THE PROBLEM :: Where the line containing "蓄電池と門柱のハイブリッドデ" appears, begin retyping; continue exactly through the final line of the data. Omit every picture.
[STORED DATA — start]
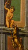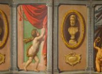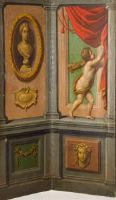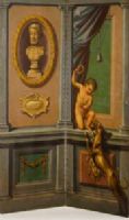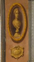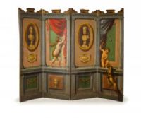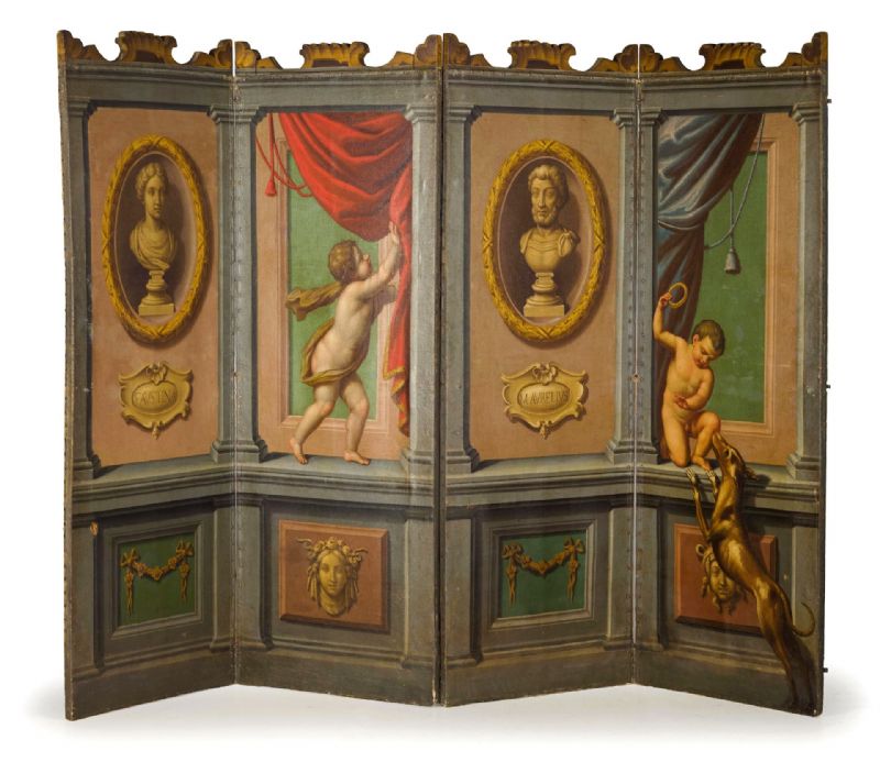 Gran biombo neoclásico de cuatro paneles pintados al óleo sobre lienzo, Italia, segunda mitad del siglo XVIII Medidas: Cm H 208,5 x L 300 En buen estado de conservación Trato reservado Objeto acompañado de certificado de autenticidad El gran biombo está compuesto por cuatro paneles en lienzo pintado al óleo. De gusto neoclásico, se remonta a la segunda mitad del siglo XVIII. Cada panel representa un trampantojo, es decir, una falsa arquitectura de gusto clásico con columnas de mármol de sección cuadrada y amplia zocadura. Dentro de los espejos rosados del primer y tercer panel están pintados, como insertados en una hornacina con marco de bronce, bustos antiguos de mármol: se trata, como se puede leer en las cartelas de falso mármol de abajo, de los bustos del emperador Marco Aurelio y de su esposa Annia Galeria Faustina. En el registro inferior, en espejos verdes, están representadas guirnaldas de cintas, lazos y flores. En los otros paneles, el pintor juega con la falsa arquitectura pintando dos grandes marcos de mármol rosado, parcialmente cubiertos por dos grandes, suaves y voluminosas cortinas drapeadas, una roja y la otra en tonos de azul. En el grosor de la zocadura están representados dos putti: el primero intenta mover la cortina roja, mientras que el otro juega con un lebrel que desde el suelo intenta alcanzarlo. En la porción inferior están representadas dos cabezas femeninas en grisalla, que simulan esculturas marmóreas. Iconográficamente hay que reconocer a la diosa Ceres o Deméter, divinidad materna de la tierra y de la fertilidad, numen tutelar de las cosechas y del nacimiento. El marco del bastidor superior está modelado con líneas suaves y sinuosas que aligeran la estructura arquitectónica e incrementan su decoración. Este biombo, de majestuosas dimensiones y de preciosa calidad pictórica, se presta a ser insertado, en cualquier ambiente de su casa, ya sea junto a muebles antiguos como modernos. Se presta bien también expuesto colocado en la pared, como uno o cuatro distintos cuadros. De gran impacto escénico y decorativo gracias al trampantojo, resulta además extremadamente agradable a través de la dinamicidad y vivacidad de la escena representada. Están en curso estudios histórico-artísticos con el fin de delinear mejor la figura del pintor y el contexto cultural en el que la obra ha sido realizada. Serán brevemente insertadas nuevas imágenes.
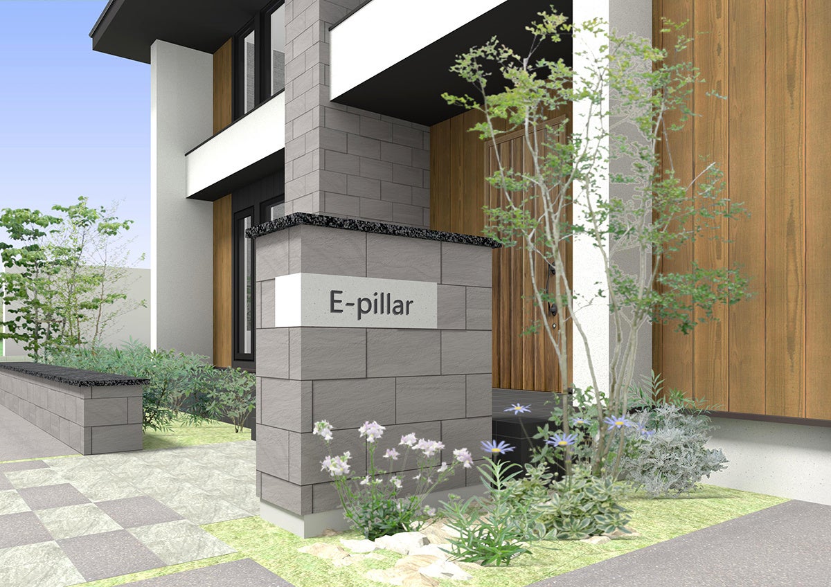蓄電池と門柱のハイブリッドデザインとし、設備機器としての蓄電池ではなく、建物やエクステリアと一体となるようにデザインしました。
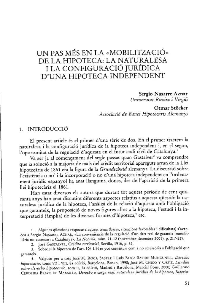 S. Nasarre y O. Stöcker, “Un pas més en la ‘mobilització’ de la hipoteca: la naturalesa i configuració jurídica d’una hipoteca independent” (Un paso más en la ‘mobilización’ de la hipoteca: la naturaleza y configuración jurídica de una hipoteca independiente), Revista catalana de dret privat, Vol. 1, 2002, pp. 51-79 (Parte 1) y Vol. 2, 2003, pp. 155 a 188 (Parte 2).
[STORED DATA — finish]
ANSWER TO THE PROBLEM ::
蓄電池と門柱のハイブリッドデザインとし、設備機器としての蓄電池ではなく、建物やエクステリアと一体となるようにデザインしました。
 S. Nasarre y O. Stöcker, “Un pas més en la ‘mobilització’ de la hipoteca: la naturalesa i configuració jurídica d’una hipoteca independent” (Un paso más en la ‘mobilización’ de la hipoteca: la naturaleza y configuración jurídica de una hipoteca independiente), Revista catalana de dret privat, Vol. 1, 2002, pp. 51-79 (Parte 1) y Vol. 2, 2003, pp. 155 a 188 (Parte 2).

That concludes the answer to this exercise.